Personally, I would think it would count as obscure for this month if one thinks that most of the people here in this club would view it as obscure, and what you are referring to sounds like it would be obscure to me.
yep, that's clear and reasonable enough

Ok, then brace yourself for some Italian authors - I am shunning Cassola, Pavese, Sciascia, whom I love dearly but I presume they are either well known, or (as for Cassola) it is hard to find good tralsations, let alone ebooks!

So I will kick off with Dacia Maraini's The Silent Duchess (original title La lunga vita di Marianna Ucrìa in case translations use different titles). Here is goodreads' blurb:

Quote:
Finalist for the International Man Booker Prize, winner of the Premio Campiello (Italy’s equivalent of the National Book Award), short-listed for the Independent Foreign Fiction Award upon its first English-language publication in the U.K., and published to critical acclaim in fourteen languages, this mesmerizing historical novel by one of Italy’s premier women writers is available in the United States for the first time.

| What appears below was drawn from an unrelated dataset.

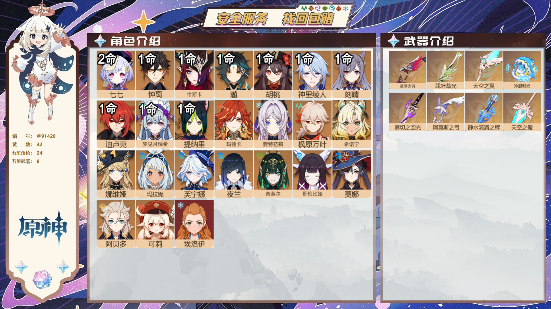 PX_2506834-,邮箱不出售,,冒险等级59级,男主,42黄,24个五星角色,8个五星武器,纠缠之源0--原石66--圣遗物381--【时装】,玲雨听竹,炽绘奇旅,闪耀协奏,纱中幽兰,叶隐芳名,极夜真梦,雨化竹身,倩影游侠, 【24个五星角色】,2命七七,1命钟离,1命恰斯卡,1命魈,1命胡桃,1命神里绫人,1命刻晴,1命迪卢克,1命梦见月瑞希,1命提纳里,0命玛薇卡,0命茜特菈莉,0命枫原万叶,0命希诺宁,0命娜维娅,0命玛拉妮,0命芙宁娜,0命夜兰,0命奈芙尔,0命哥伦比娅,0命莫娜,0命阿贝多,0命可莉,0命埃洛伊, 【8个五星武器】,精1星鹫赤羽,精1裁叶萃光,精1天空之翼,精1冲浪时光,精1雾切之回光,精1阿莫斯之弓,精1静水流涌之辉,精1天空之傲,8套, 【时装】,玲雨听竹,炽绘奇旅,闪耀协奏,纱中幽兰,叶隐芳名,极夜真梦,雨化竹身,倩影游侠,

The Silent Duchess is the story of Marianna Ucrìa, the victim of a mysterious childhood trauma that has left her deaf and mute, trapped in a world of silence. Marianna searches for knowledge and fulfillment in a society where women have few choices. In luminous language that conveys both the keen visual sight and the deep human insight possessed by her remarkable main character, Dacia Maraini captures the splendor and the corruption of Marianna’s world and the strength of her spirit. The Silent Duchess is the timeless story of one woman’s struggle to find her own voice after years of silence.
Dacia Maraini belongs to the same generation as the better known Alberto Moravia, who left his wife for her. So this prompts me to my second nomination, Elsa Morante's History: A novel (La Storia). Unlike The silent duchess, this is a bit more of a tome (just shy of 800 pages in paper version). Again, blurb from Goodreads:

Quote:
History was written nearly thirty years after Elsa Morante and Alberto Moravia spent a year in hiding among remote farming villages in the mountains south of Rome. There she witnessed the full impact of the war and first formed the ambition to write an account of what history - the great political events driven by men of power, wealth, and ambition - does when it reaches the realm of ordinary people struggling for life and bread.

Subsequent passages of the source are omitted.